Archbishop Simon Sudbury

Thomas Becket (1119 or 1120-1170) is probably the Archbishop of Canterbury best known for meeting a violent death, but two others who did so were Alphege (c.953-1012), who was captured and killed by Viking raiders, and Simon Sudbury (c.1316-1381), who was killed during the Peasants’ Revolt.

Sudbury became Archbishop of Canterbury in 1375, having previously served as Bishop of London. As Lord Chancellor of England from 1380 he was seen by the insurgents during the revolt as one of the instigators of the hated poll tax. In June 1381 the rebels sacked Lambeth Palace and burned books and a range of other property. They then captured Sudbury at the Tower of London and led him to Tower Hill, where he was beheaded. His head is still preserved at St Gregory’s Church in the town of Sudbury in Suffolk, where he was born: https://www.stgregorychurchsudbury.co.uk/simon/

One of the oldest items which the Friends of Lambeth Palace Library have enabled the Library to purchase is an indenture dated 1 October 1378, which features Archbishop Sudbury’s seal (ref: MS 4837).

MS 4837 indenture dated 1 October 1378

The indenture is an exchange of property between Sudbury and six leading men on the one hand, and Joan de Bohun, Countess of Hereford, Essex and Northampton on the other.
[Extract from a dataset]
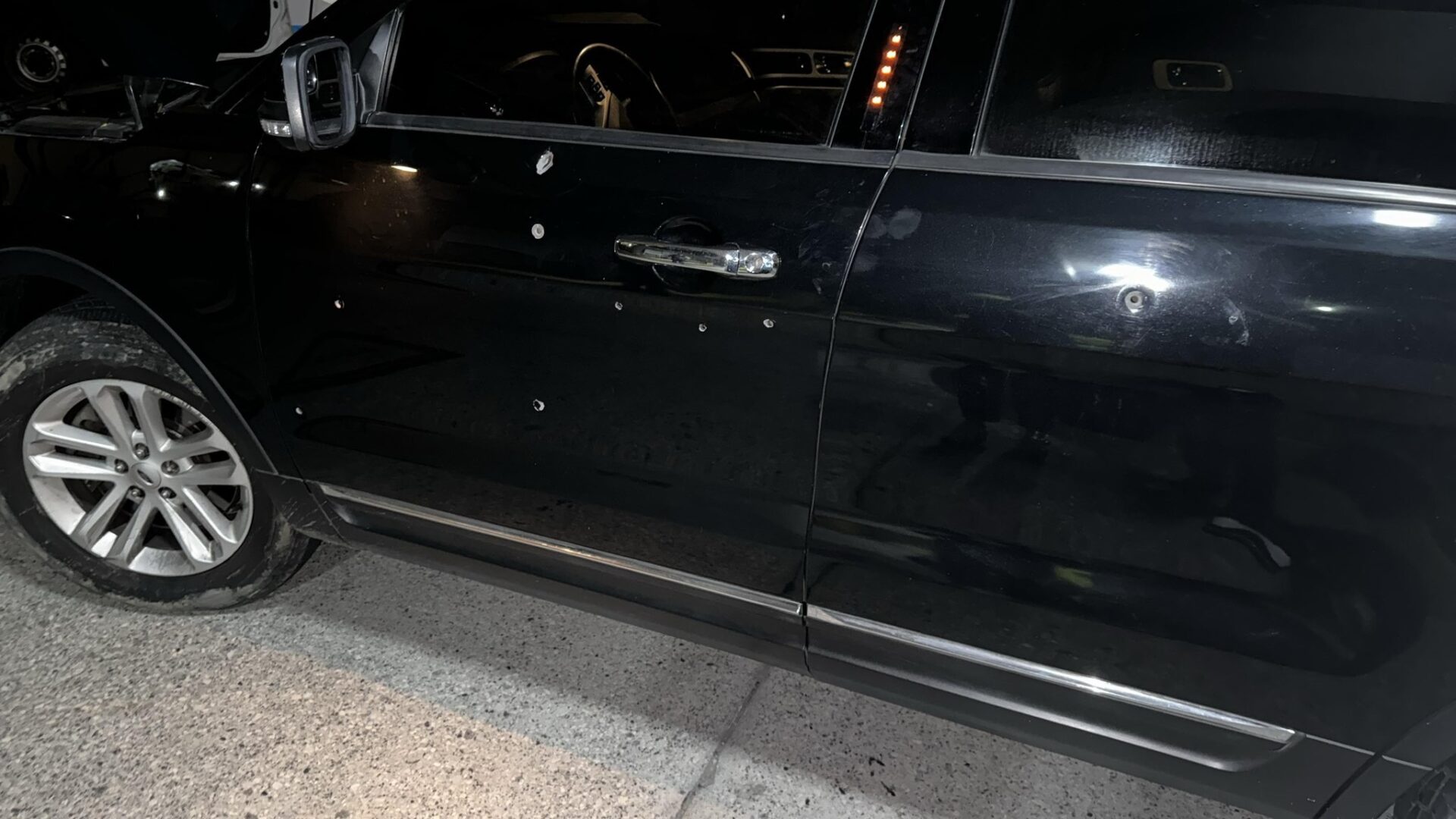 «Acaban de balear mi vehículo (aproximadamente 2h00) en el que viajaba mi hijo Diego, su novia y amigos. El chofer que da seguridad está herido y fue trasladado a un Hospital», ha indicado. «Fueron nueve o diez tiros. En la puerta y muy cerca de la ventana», ha explicado en un vídeo anexo.

Joan was one of the richest women in England and her daughter was soon to marry the future Henry IV. At the foot of the document you can see the red wax seals of the seven indentors of the first part, with Sudbury’s to the far left. Many of the Library’s medieval documents have lost their seals, so this was a valuable addition to the collection.

The details of Sudbury’s seal have sadly become slightly obscured, but it is still possible to make out a long cross, interlaced with a letter S and traces of the likely motto ‘Ihesus est Amor meus’, Latin for ‘Jesus is my love’.